Afterplay

Haunting Chekovian elegy
Over the years, there have been a number of examples of dramatists borrowing characters from other writers’ works and giving them life elsewhere, but no version of this kind of experiment could be as striking as Brian Friel’s reflection on the later life of two characters from a couple of Chekov’s masterpieces.
Sonya (Frances Barber) is discovered many years after the action of Uncle Vanya, sitting in a Moscow café. Vanya is long since dead, and the estate in even greater poverty, but as the evening unfolds, we learn that she still carries a torch for Astrov, now an occasional visitor and long married. It’s the end of the evening, and she’s joined by Andrey (Niall Buggy) from Three Sisters, who at first claims to be a leading player in a local orchestra, but who, as the evening proceeds, reveals that his life has continued its nose dive: these days he can be found busking on the very streets of Moscow that his siblings had idealised, during visits to his imprisoned son.

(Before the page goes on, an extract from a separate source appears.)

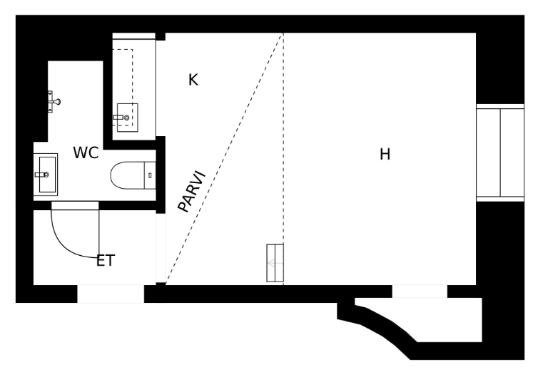 | Huoneiston kokoonpano | 1h+kk+parvi+kph |

What’s remarkable about Garry Hynes’ production of Friel’s 2002 hit is the sureness with which it evokes the writer’s deliberately Chekovian tone. The melancholy satisfactions of ‘living your life in the waiting room’, as Sonya puts it, are as self evident as the desperate isolation of these two figures counting down their days in genteel poverty. Francis O’Connor’s down-at-heel café set represents an impressive physical manifestation of the lives represented, as each character reflects on the theme of unrequited love that runs through all of Chekov’s major works. So, too, the fight against poverty from characters who have lost much of the bounty of their early lives seems to strike a chord with the insecurities that afflict many today.
The performances, too, are beautifully measured, with Barber’s patient suffering subtly veined with aching loneliness, and Buggy’s early impetuous fecklessness brought logically forward to a kind of bumptious self deception that’s occasionally tempered by regret. This is a haunting, and sometimes surprisingly, funny night out.
King’s Theatre, 473 2000, 1 Sep, 6pm, 3 Sep, 7.30pm, 4 Sep, 2pm, 5 Sep, 5pm, £10–£25.